As the earthquake devastation unfolds in New Zealand, Prime Minister John Keys warns that the country’s final death toll could be higher than originally feared
The death toll in the aftermath of New Zealand’s worst disaster in 80 years reached 98 today, with an additional 226 people still missing.
The 6.3 magnitude earthquake, which struck at 12.51pm on Tuesday afternoon, destroyed entire buildings and caused devastating damage in the city of Christchurch. Police believe up to 120 bodies may still lie trapped in the rubble of the Canterbury Television building.
‘We are very fearful today that the death toll could be much greater than any of us have ever feared,’ said Mr. Keys, adding that dozens of international people caught up in this ‘tremendous tragedy’.
Rescue efforts have so far focused on major office complexes that crumbled in the city centre, but the recovery of bodies has now taken priority, while rescue teams have fanned out further afield.
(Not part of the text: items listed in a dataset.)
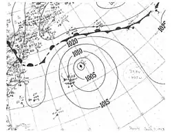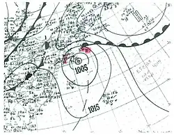 A tropical wave ascended to tropical storm status by 06:00 UTC on September 28 while located about 230 mi (370 km) south of Bermuda.[7] It moved northwest and then west-northwest, steadily organizing to attain peak winds of 65 mph (100 km/h) early on September 30. The storm then moved ashore the central coast of Maryland and was last distinguishable near Williamsport, Pennsylvania, around 00:00 UTC on October 2.[8] Considerable damage to crops, and lesser damage to structures, was inflicted throughout the Norfolk and Cape Charles, Virginia, areas, with damage estimated at $20,000.[10] Rainfall was generally light, peaking at 4.6 in (117 mm) in Diamond Springs,[9] but did result in some street flooding. A small ship and several small boats were sunk. Atlantic City, New Jersey, reported a maximum gust of 70 mph (113 km/h), and only slightly weaker gusts were recorded throughout Virginia. One death was reported.[10]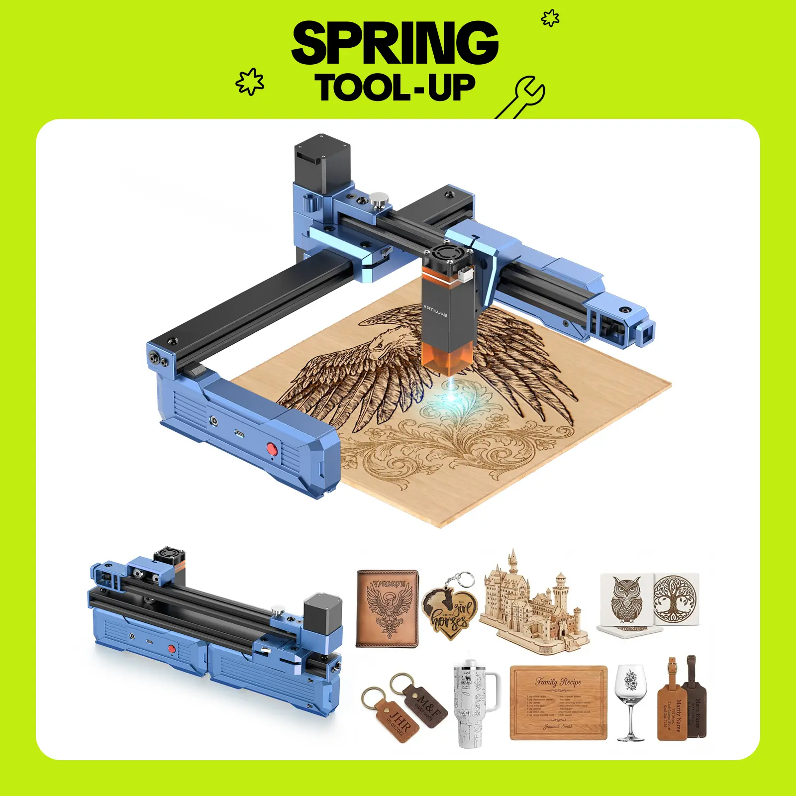 ARTILUME T1 Laser Engraver, Portable & Foldable Laser Engraver and Cutter Machine, 0.01mm Precision, Large Working Area 150×200mm for Wood, Leather, Acrylic, Ideal for Beginners & Small Businesses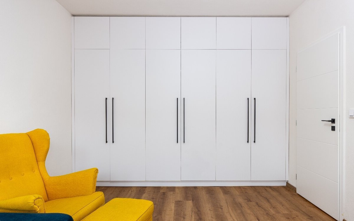V obývacím pokoji je kvalitní vestavná skříň od truhláře, která maximálně využívá dostupný prostor.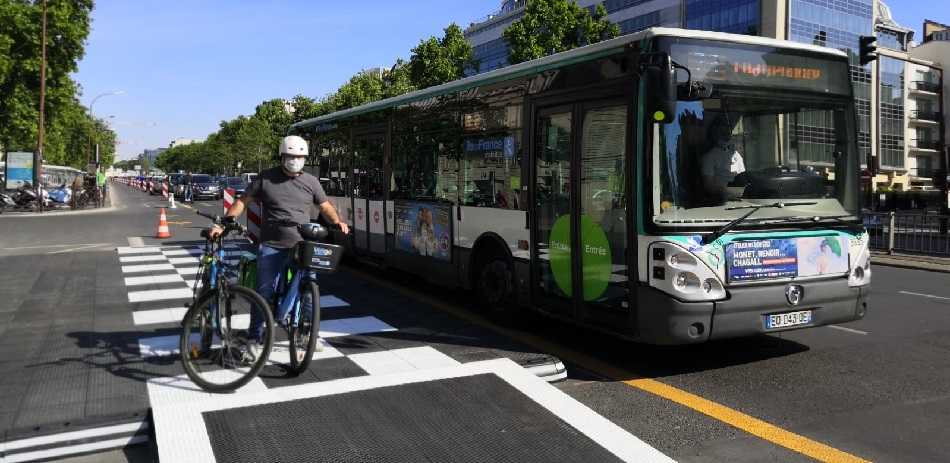 En el context del desconfinamiento, es recomana no utilitzar l’automòbil privat per als viatges diaris i afavorir l’ús del transport públic. No obstant això, aquest últim no podrà absorbir els fluxos addicionals de viatgers i garantir al mateix temps els estàndards de distanciament necessaris per a bregar amb la Covid-19. Amb la finalitat de donar més espai a la bicicleta que facilita el distanciament social sense generar contaminació, ara es reserva un carril en la direcció Port Mallot – La Défense per als ciclistes. La pista unidireccional, que també discorre pel Pont de Neuilly, passa per la superfície per sobre de la línia RER A, i forma part del projecte RER Vélo, liderat pel Collectif Vélo Île-de-France.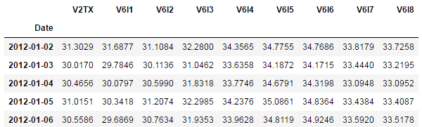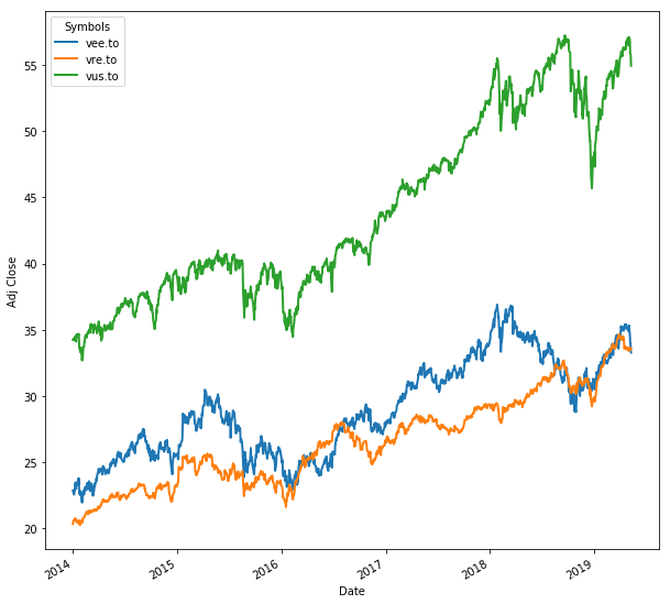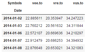 data = get_data_yahoo(['vus.to', 'vre.to', 'vee.to'], start='2014-01-01') ['Adj Close']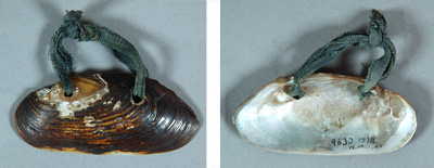 穂摘み具として利用するには、この貝殻のちょうつがいのあたりに2カ所穴を開け、これに紐を通して輪を作ります。この輪に中指と薬指を差し込んで貝殻を握り、貝の口部を穀物の穂に当ててちぎり取り、サラニプ(編み袋)などに入れて収穫しました。なお、この穂摘み具のこともアイヌ語では「ピパ」といいます。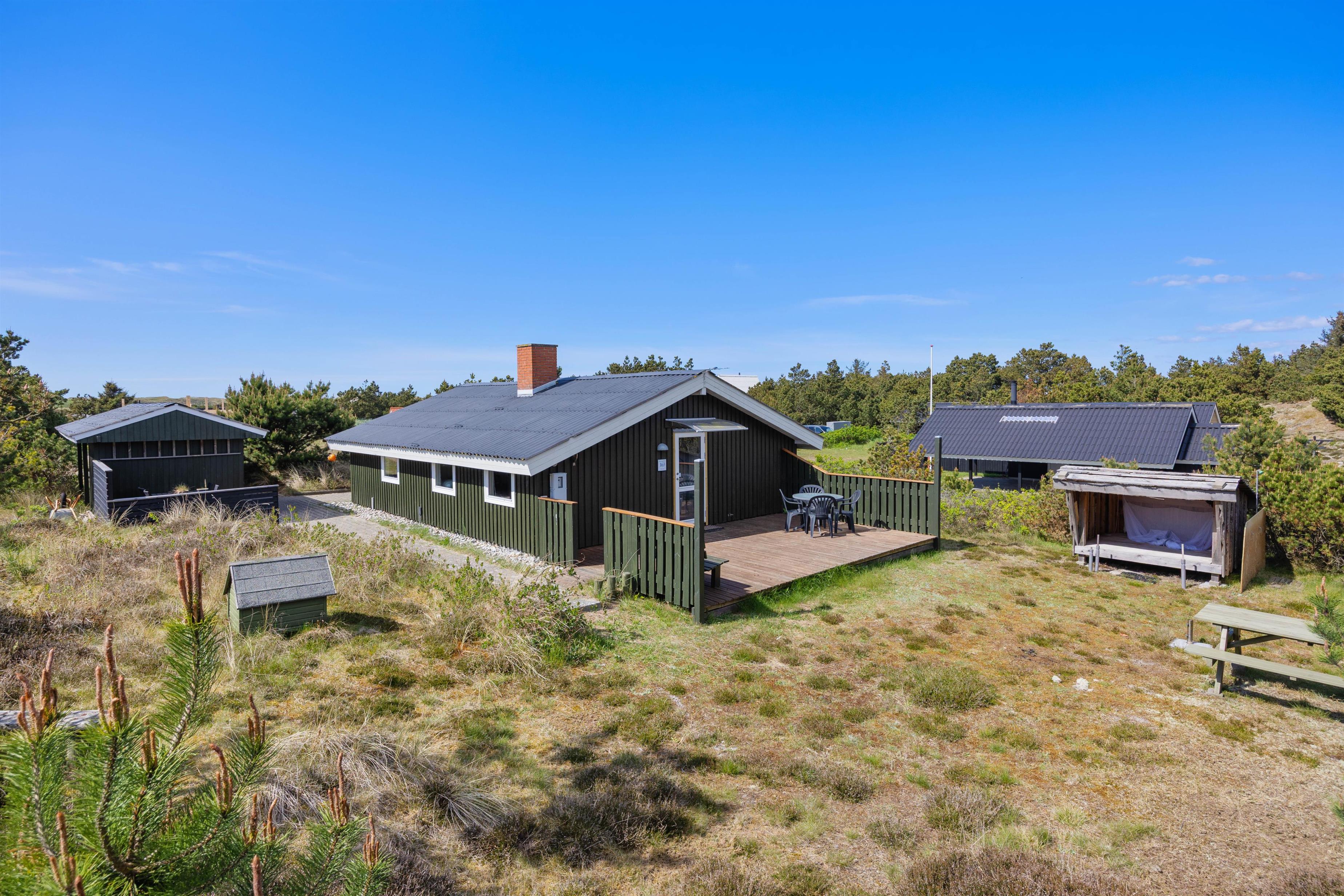 Sommerhuset ligger i hjertet af ferieområdet Bjerregård, hvor I har kort afstand til både Vesterhavet og Ringkøbing Fjord. Her kan I dyrke vandsport, fiske, flyve med drage eller nyde lange gåture med jeres hund.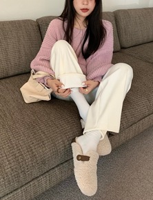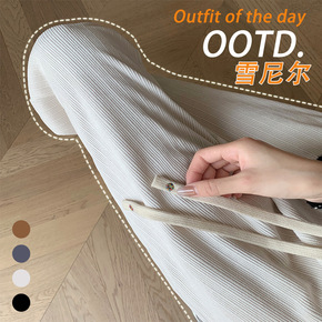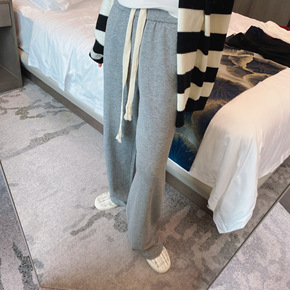 奶系穿搭早秋韩系垂感裤子奶fufu显瘦针织裤阔腿裤...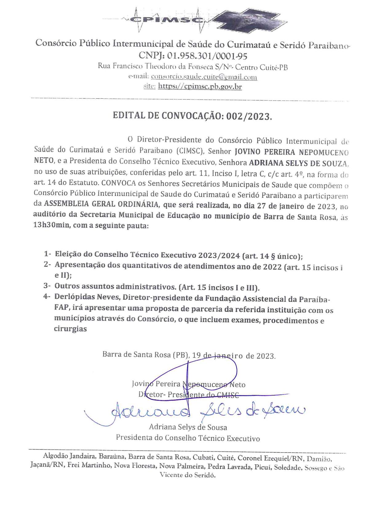 EDITAL DE CONVOCAÇÃO 0002/2023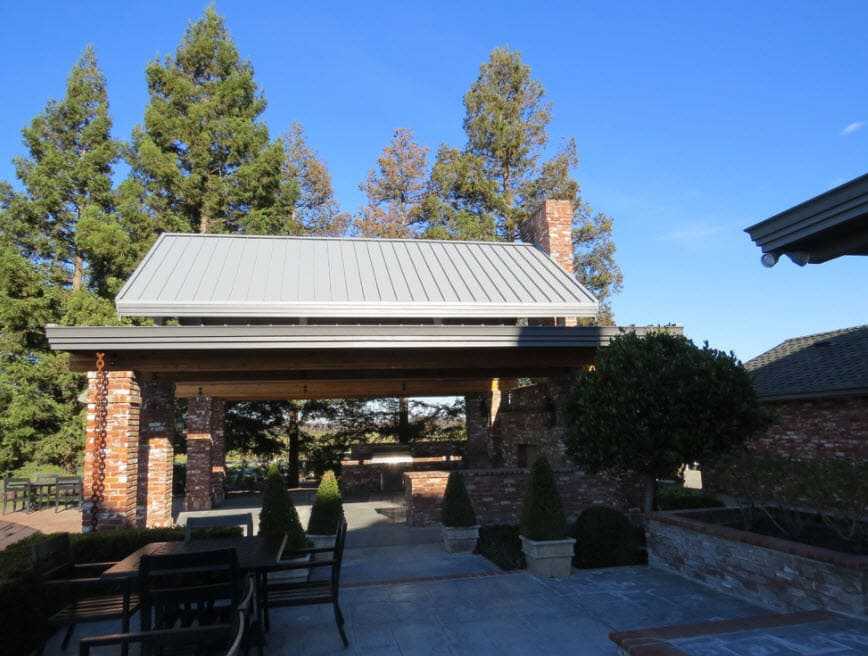 После выполнения всех этих работ, приступают к покрытию кровельного материала. В целях безопасности, обычно в беседках для дачи с мангалом (фото тому в подтверждение) используют металлочерепицу или профнастил. Но при правильном проведении всех работ, для таких беседок подойдет гибкая черепица или поликарбонат.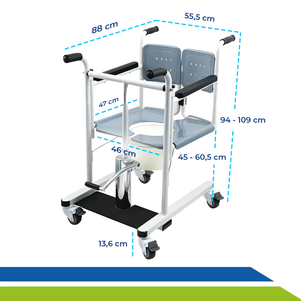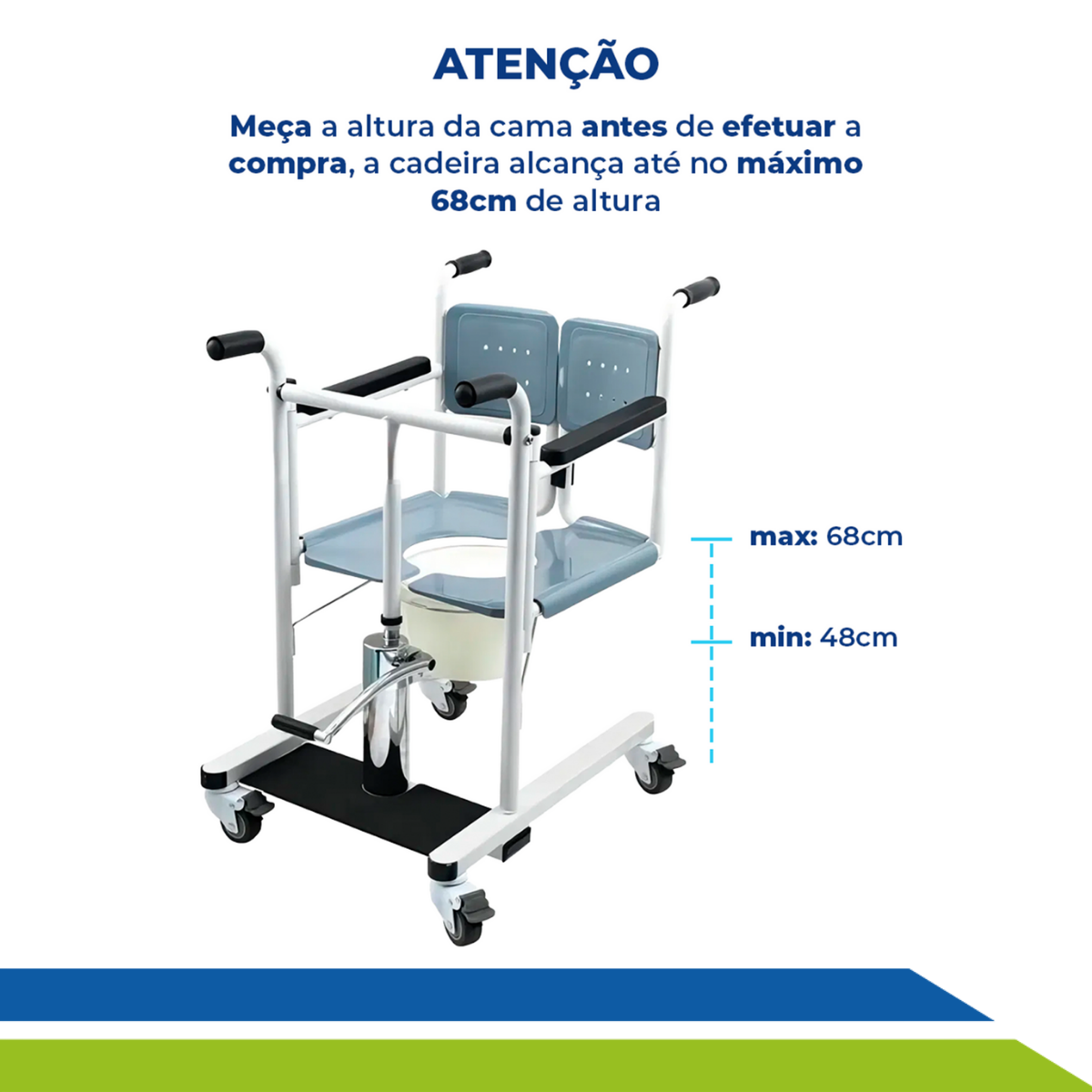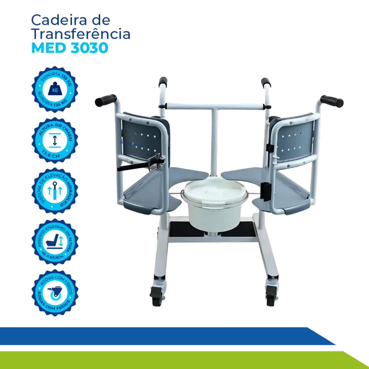 Recupere a autonomia e a dignidade de quem você ama com a Cadeira de Transferência Hidráulica, ela foi desenvolvida para proporcionar movimentação segura, confortável e eficiente de idosos, cadeirantes e pessoas com mobilidade reduzida. Além de garantir praticidade para o dia a dia com a comadre removível, garantindo agilidade em casos de necessidade imediata.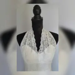 Tank Top corte Halter apliq Encaje BLANCO. Tank top color BLANCO POLAR c/ribete de encaje zona busto, corte tipo halter y copas preformadas p/mejor ajuste. Talla G. Dimensiones cms: 42 axila, 38 cintura, 45 zona baja, 61 largo. 95% algodón, 5% elastano. P/lavado en casa.*POR LA COMPOSICIÓN DE LA PRENDA ES STRETCH PERO NO COMO P/SUBIR A LA SIG TALLA*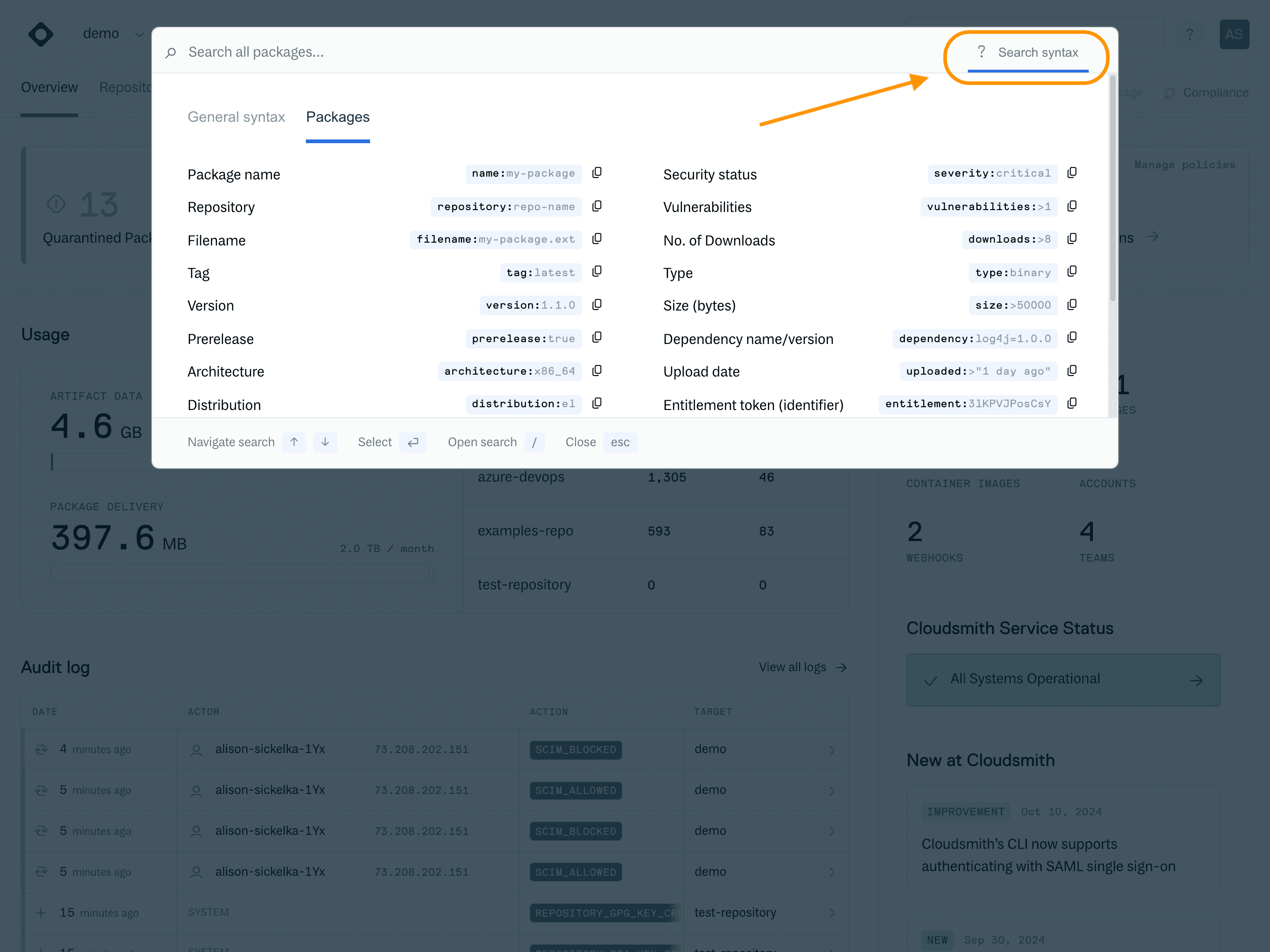 Cloudsmith provides a powerful and flexible query language that enables you to instantly find any package, in any repository, based on a comprehensive set of attributes. This syntax can be used in multiple areas of the product.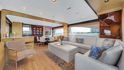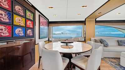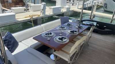 チャーターゲスト用の機内アメニティには、エアコン、バーベキュー、屋外シャワー、屋内オーディオシステム、デッキのジャグジー、衛星テレビ、アンカー付きスタビライザー、スイムプラットフォーム、テレビサルーン、Wi-Fiが含まれます。

Hopes of finding people alive are diminishing as no new survivors have been found since Wednesday.
The human cost of the natural disaster was illustrated as the family of Donna Manning, a morning TV presenter trapped inside the demolished Canterbury Television building, was told there was no hope that she could have survived.
Yesterday, Mr. Keys declared a national emergency, with insurance losses of up to $12billion. Authorities have imposed a curfew of 6.30pm as the country tries to cope in the aftermath of destruction.
Hundreds of troops, police and emergency workers searched the ruins as more than 100 aftershocks threatened further collapse. A Briton and an Irishman are believed to be among the dead.